# Crete in May



## Mar-deeb (May 23, 2007)

Hi All

I'm going to Crete at the end of may (Best man at my fiends wedding) and would like take my bike if there are any decent trails? Anybody have any good ideas? I will be staying at the Perle resort which is on the Akrotiri peninsula some 15Km from the port of Chania. Looking for swoopy Singletrack stuff.


----------



## EpicEm (Nov 4, 2005)

Try contacting this guy in Rethymno.
ODYSEAS THE CYCLIST [email protected]

Emily


----------



## rockrock (Dec 23, 2004)

hey guys, i'll be in athens in june! we will spend a week in crete, but i'm thinking about taking my roadbike.
does anyone have any feedback?
thanks, rocky


----------



## EpicEm (Nov 4, 2005)

Hi Rocky
I've been away for a fews days.
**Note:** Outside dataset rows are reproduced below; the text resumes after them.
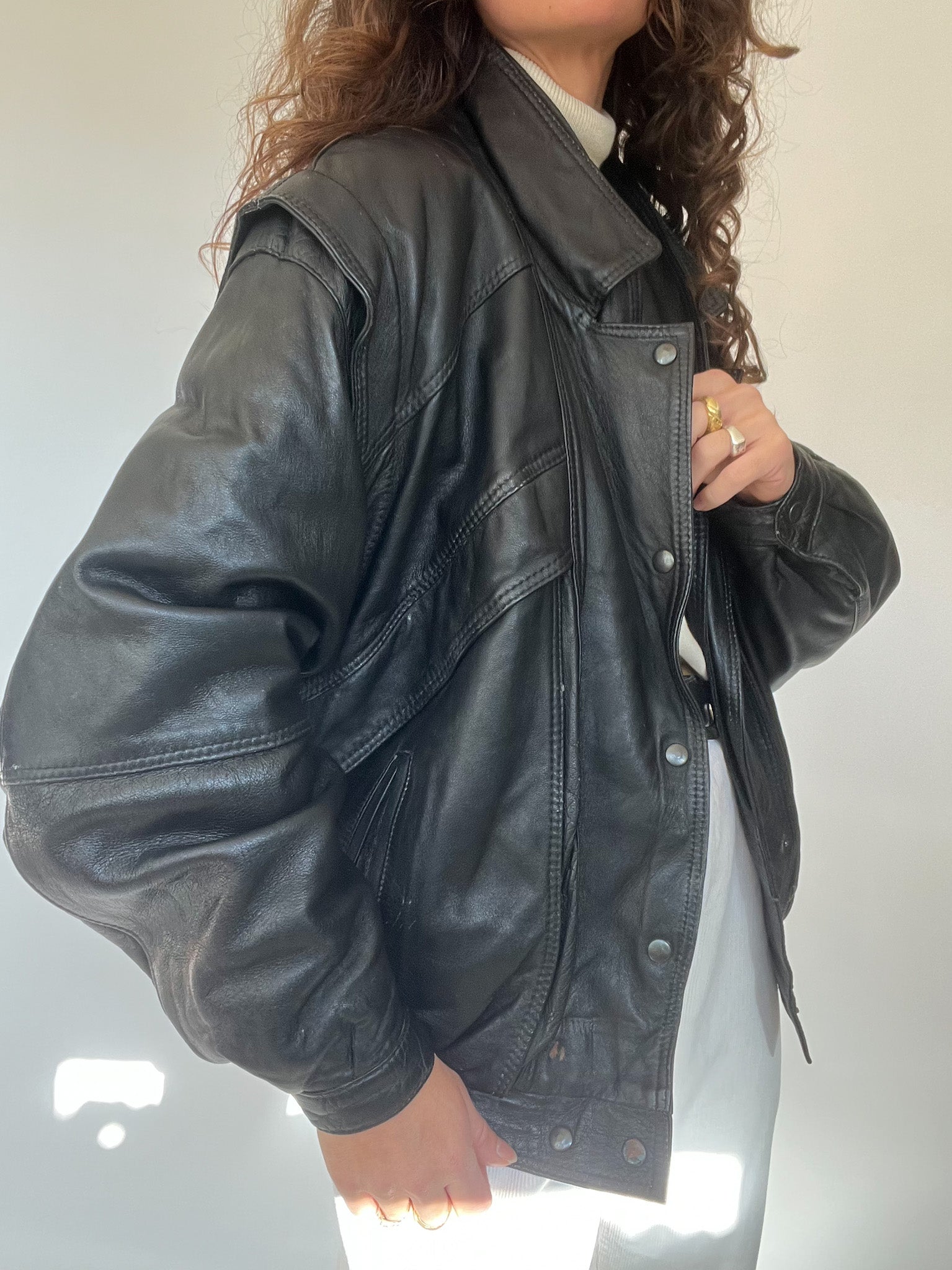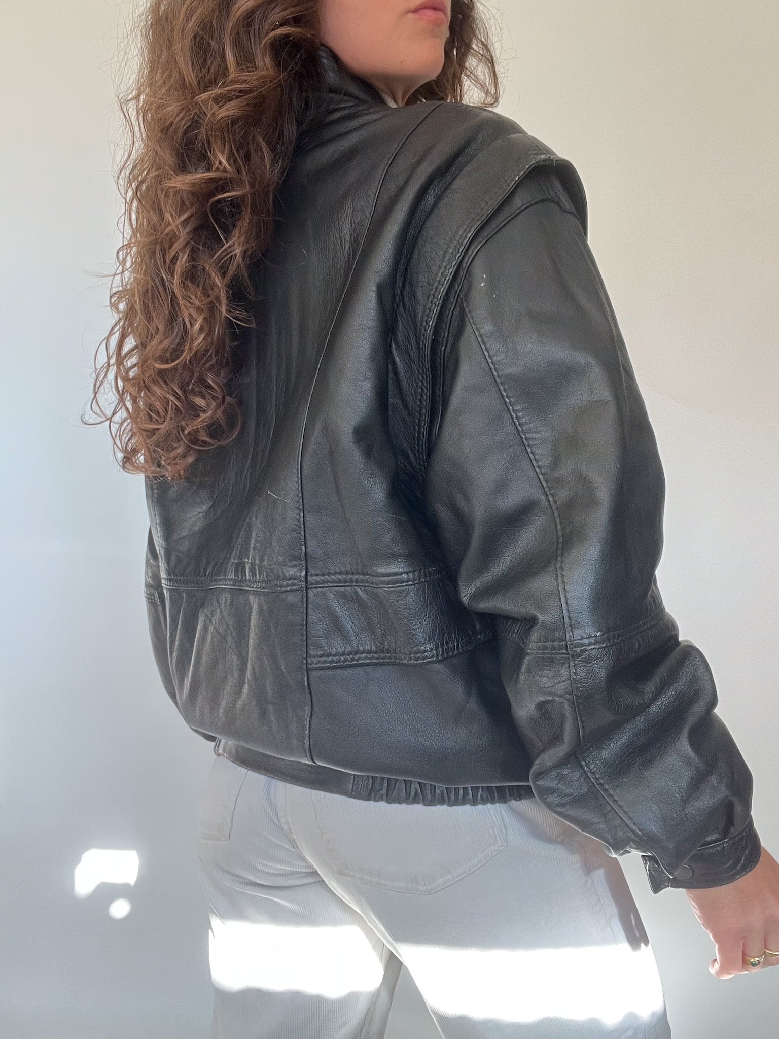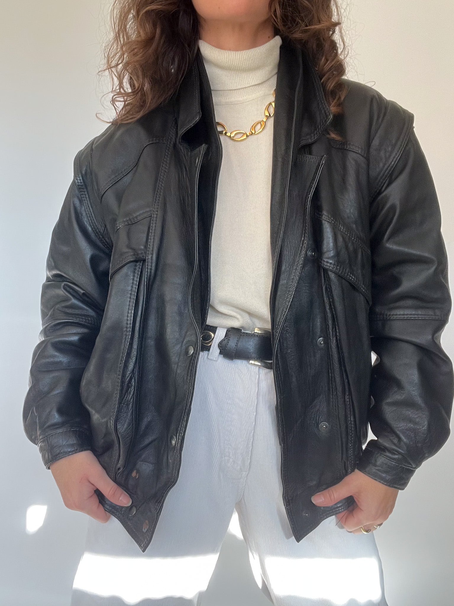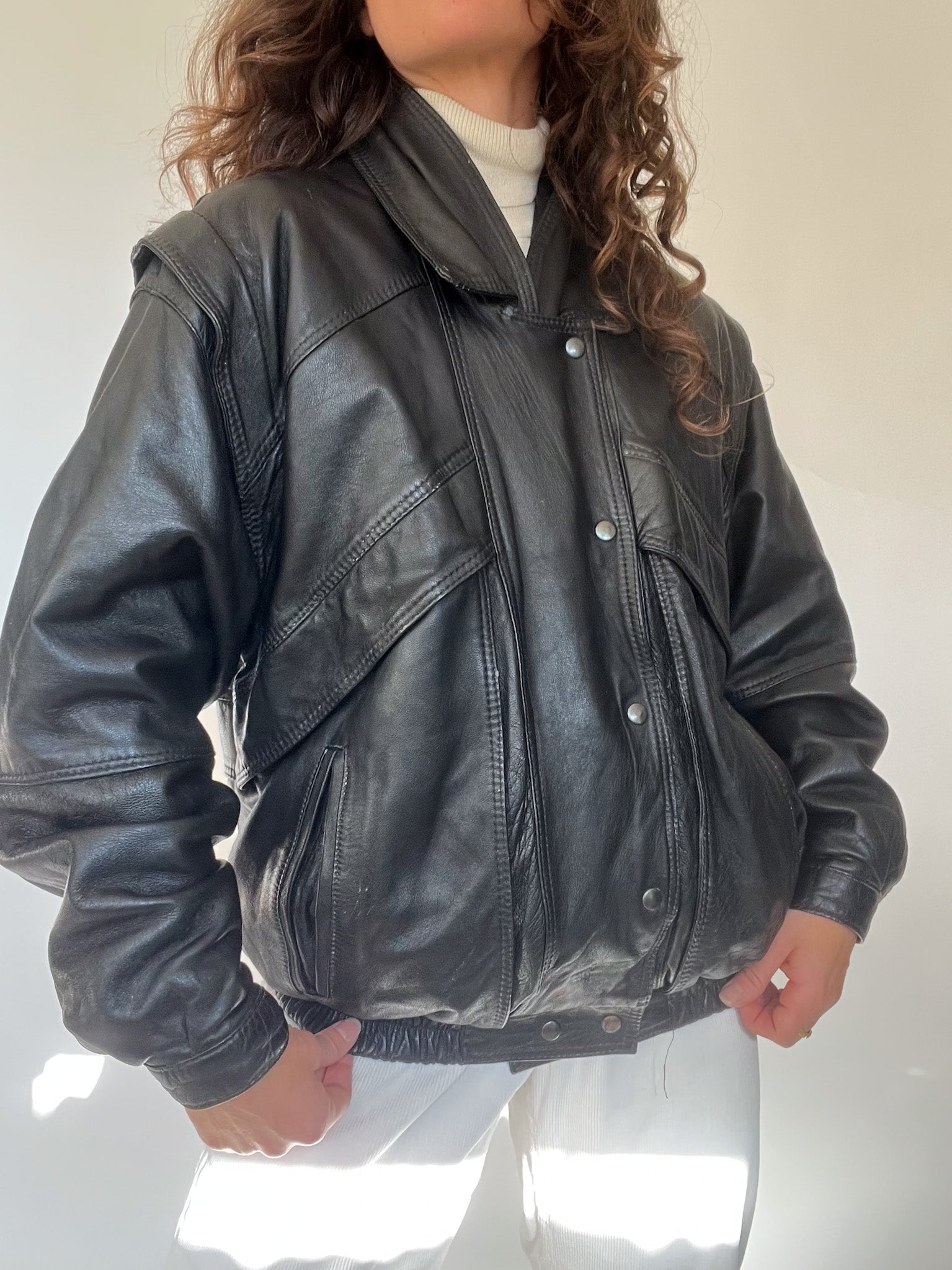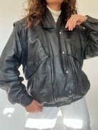 An iconic 80’s leather bomber — structured, bold, and full of attitude. Selected for its exceptional cut and rich leather texture, this piece captures the essence of true vintage outerwear: strong lines, oversized volume, and that unmistakable confidence that defines Skorpiones Vintage. Crafted in 100% leather, it features a beautifully shaped bomber silhouette with dropped shoulders, sculpted panel work, and an elasticated hem that gives the jacket its signature rounded shape. The snap-button and zip closure add depth, while the front pockets complete the look with practical, authentic detailing.
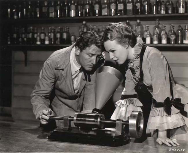 phonograph, Spencer Tracey and Rita Johnson in movie Edison, the Man
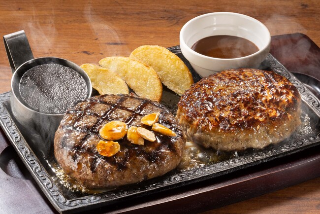 超粗びきビーフ100%ステーキバーグと、頂ハンバーグの食べ比べメニューです。

I'm back now and have replied to your PM.
ATB
Em


----------



## primoz (Jun 7, 2006)

You should be fine with road bike as far as road conditions on Crete are concerned. But to be honest, there's no way I would go with bike on those roads. People drive like lunatics, and you should be pretty luck to survive that. But that's just my opinion from this what I saw there during holidays in July few years back.


----------